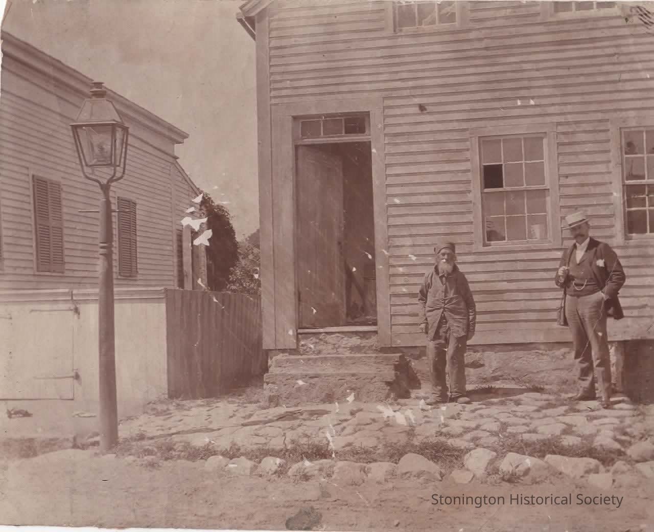 Photograph of "Zebulon Hancox and his home. His friend (and everybody's friend), Judge Wurtem A. Breed."
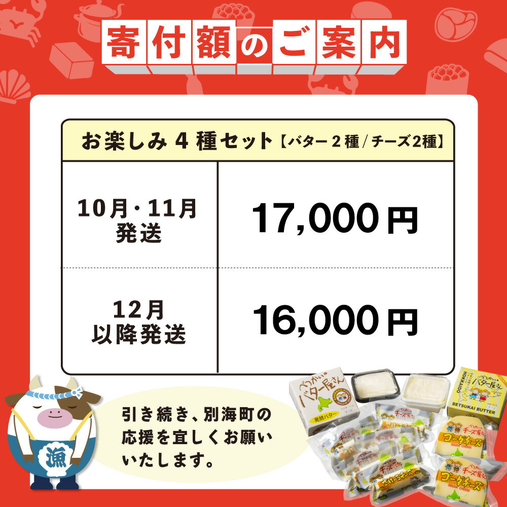 - 【ふるさと納税】 高評価★4.62 バター チーズ 詰め合わせ お楽しみ セットA 4種 計 600g 酪農日本一・別海町 酪農工場産直 ( ふるさと納税 バター 北海道 ふるさと納税 チーズ 訳あり おいしさ 小分け 個包装 べつかいバター 福袋 北海道別海町 )
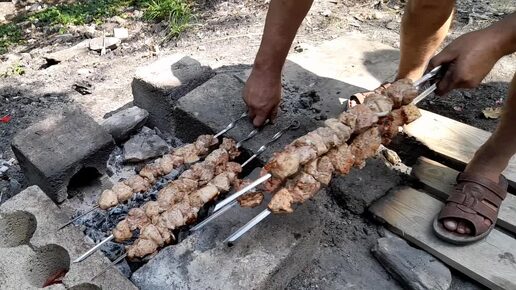 С мужем и сыном на природе Жарим шашлыки
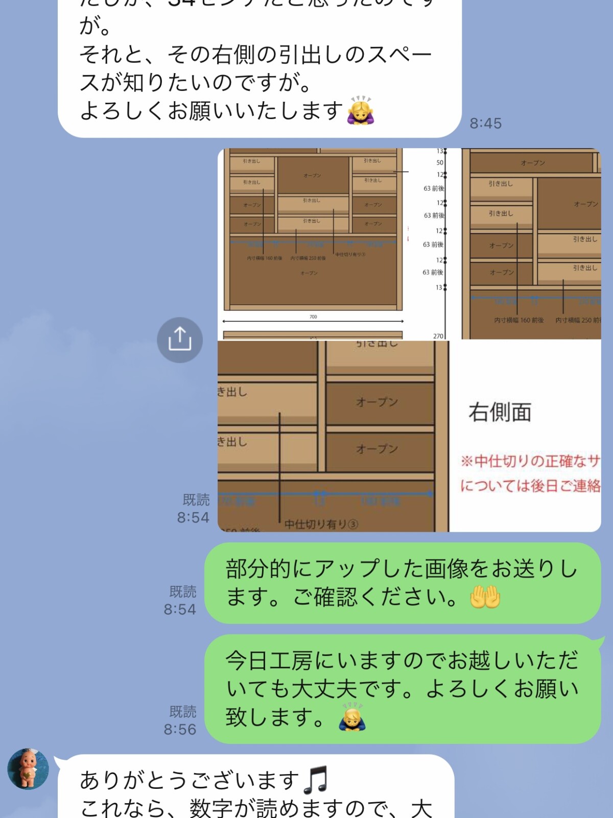 お客様とじっくり打ち合わせをしてデザインや方向性が固めていきます。メールやLINEなどで打ち合わせをします。実際に工房にお越しいただきお話しして決めることも多いです。最近は簡単にスマホでメールに写真やファイルを入れることができるので、ショートメールやLINEのやりとりが多くなりました。
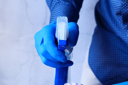 Sterile detergent cleaning spray in hand glove in real life hospital clinic
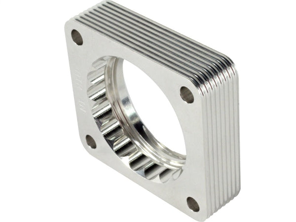 Silver Bullet throttle body spacers create turbulence in the air flow at the point just prior entry into the engine increasing horsepower, torque and improving throttle response and fuel efficiency. Silver Bullet throttle body spacers are constructed out of durable T-6061 billet aluminum and using a unique serrated/helix entry to create turbulence at the manifold while eliminating the annoying whistle found in other helix only throttle spacers.
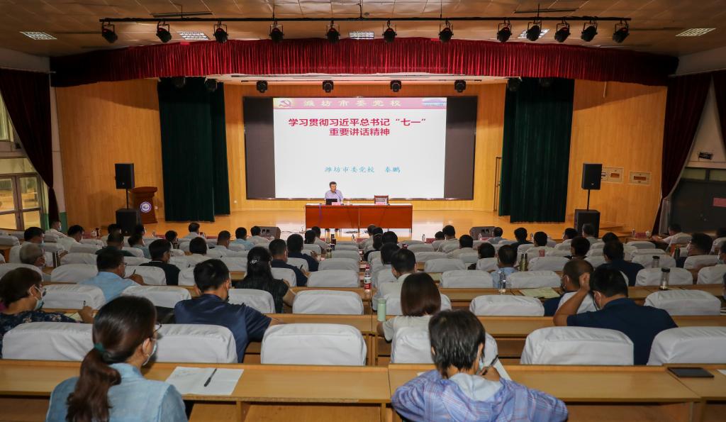 8月23日上午,学校在奎文校区16号楼报告厅举办学习贯彻习近平总书记“七一”重要讲话精神专题宣讲报告会。潍坊市学习贯彻习近平总书记“七一”重要讲话精神宣讲团成员、中共潍坊市委党校党史党建教研部副主任、副教授秦鹏作题为《学习贯彻习近平总书记“七一”重要讲话精神》的专题报告。学校党政领导班子成员、中层正职、主持部门工作的中层副职、各二级beplay(中国)正科级干部参加。党委副书记、副校长桑福岭主持报告会。
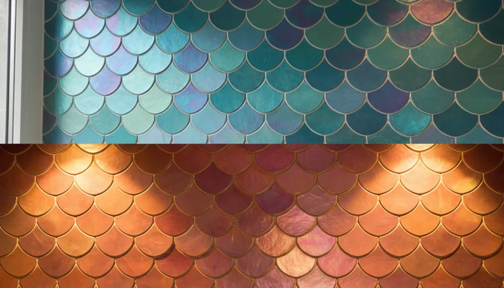 Iridescent or holographic finishes are where mermaid tiles really shine – literally. These special glazes contain materials that split light into rainbow colors, creating that magical underwater sparkle. They cost more but deliver maximum impact.
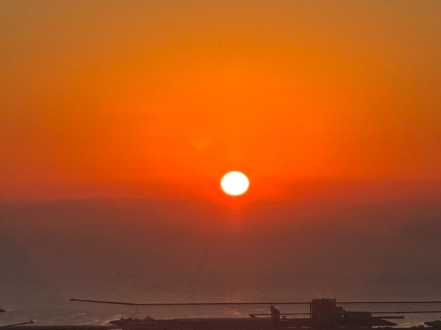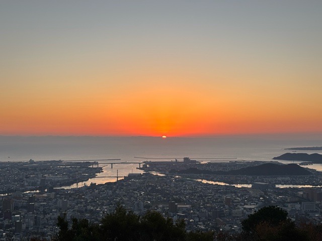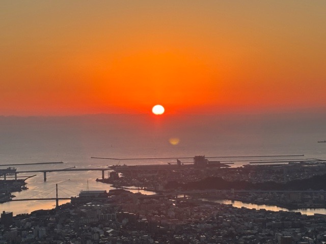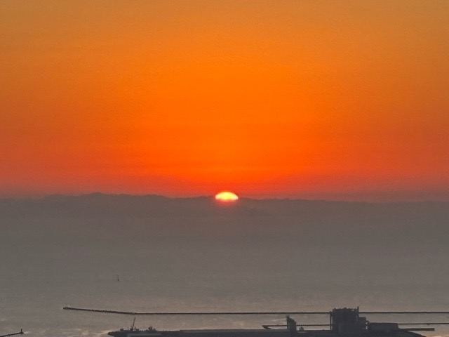 次第に色濃くなり朝日が顔を出しました。
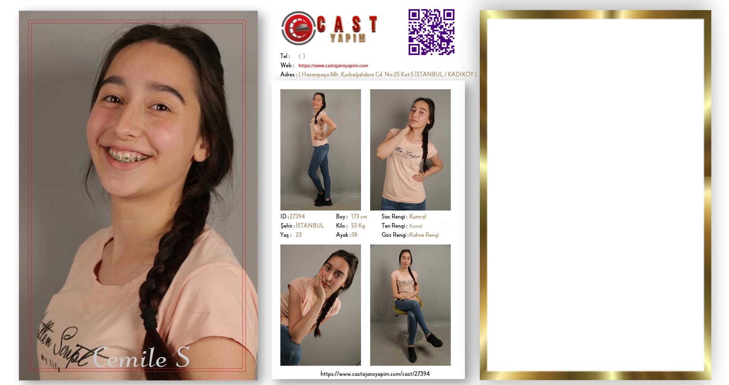 Merhaba, ben Cemile. İSTANBUL şehrinde yaşıyorum ve 23 yaşındayım. Genel özelliklerim arasında boyum 173 cm, kilom 53 kg, saç rengim Kumral, göz rengim Kahve Rengi, ten rengim Kumral.
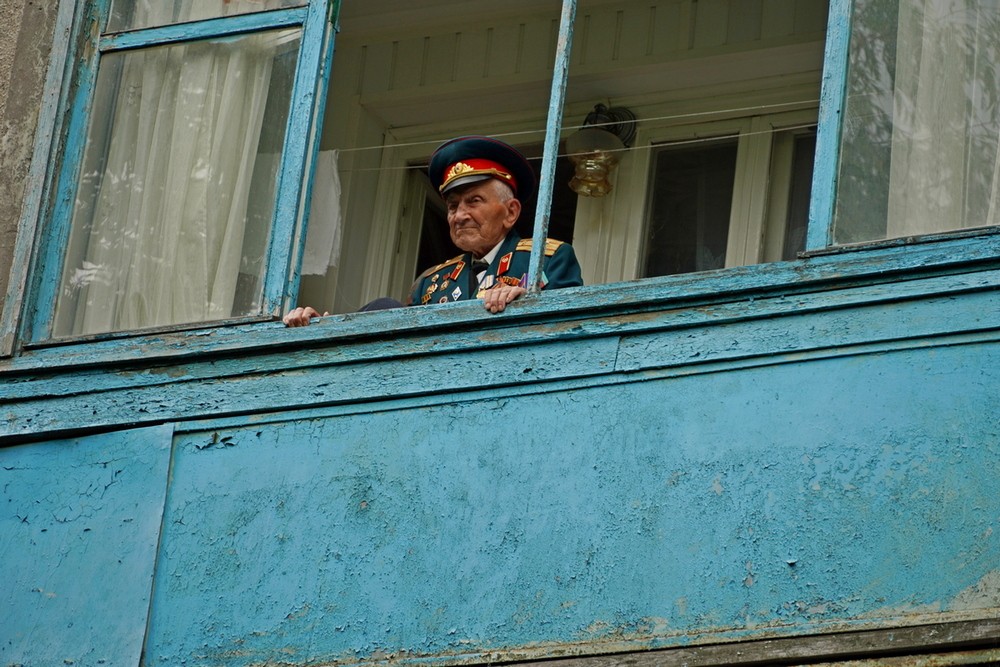 Стоя на балконе в праздничном кителе с орденами и медалями, ветеран со слезами на глазах принимал поздравления от Могилевского городского совета ветеранов, Ленинской районной организации ветеранов и учащихся СШ№40.
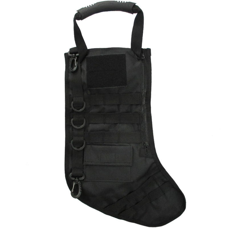 Are you or one of your loved ones an absolute tactical fanatic? Treat them this Christmas with a tactical stocking! With plenty of room to stuff tactical goodness inside, the outside is much the same. With multiple strips you can attach any MOLLE pouches and the kitchen sink if you need too. A carry handle, two rotating clips and multiple D-rings provides plenty of options for mounting above the fireplace or tree. The finishing touch is the hook & loop area - buy one for each family member and slap on their favourite morale patch so they will know it is theirs!
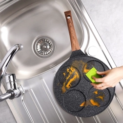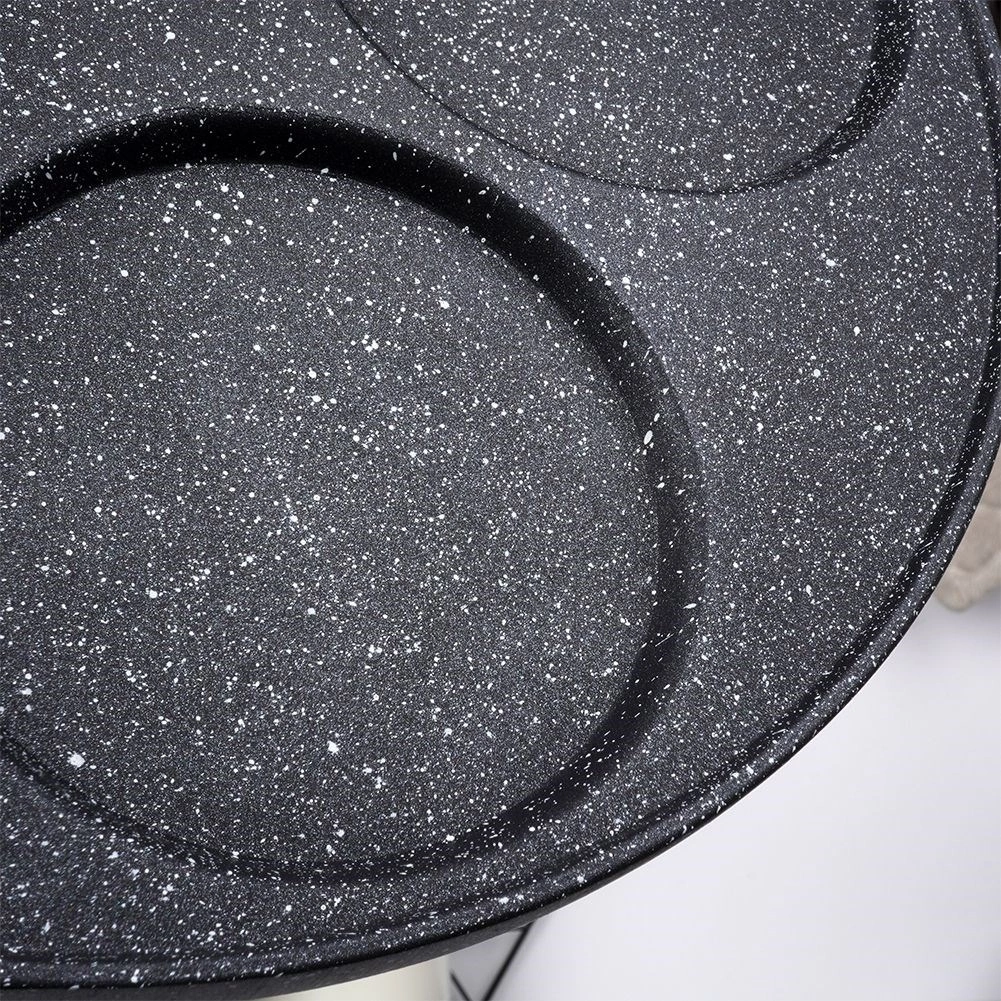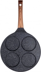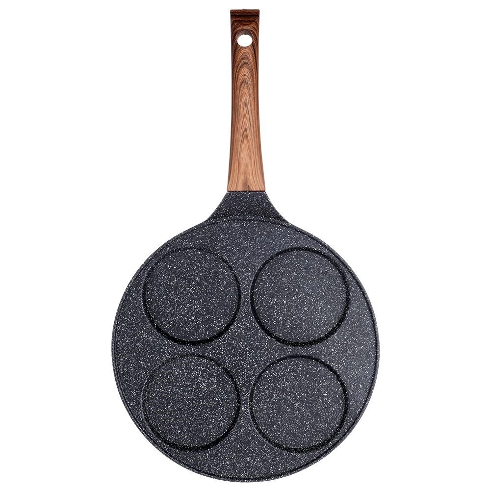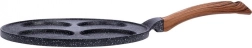Stilska ponev iz linije BLACK&WOOD v priljubljeni kombinaciji črnega kamnitega videza in lesa olajša pripravo jajc, ameriških in mini palačink. Štiri namenske odprtine pomagajo ohraniti idealno obliko in velikost, medtem ko aluminijasto telo z enakomerno porazdelitvijo toplote skrajša čas kuhanja in prihrani energijo.
┄┄┄┄┄┄┄┄┄┄┄┄┄┄┄┄┄┄┄┄
In the listing above, the required lines run from the line with "次第に色濃くなり朝日が顔を出しました。" through the line with "Merhaba, ben Cemile.". Output exactly those lines, omitting pictures.

◆ YOUR SOLUTION:
 次第に色濃くなり朝日が顔を出しました。
 Merhaba, ben Cemile. İSTANBUL şehrinde yaşıyorum ve 23 yaşındayım. Genel özelliklerim arasında boyum 173 cm, kilom 53 kg, saç rengim Kumral, göz rengim Kahve Rengi, ten rengim Kumral.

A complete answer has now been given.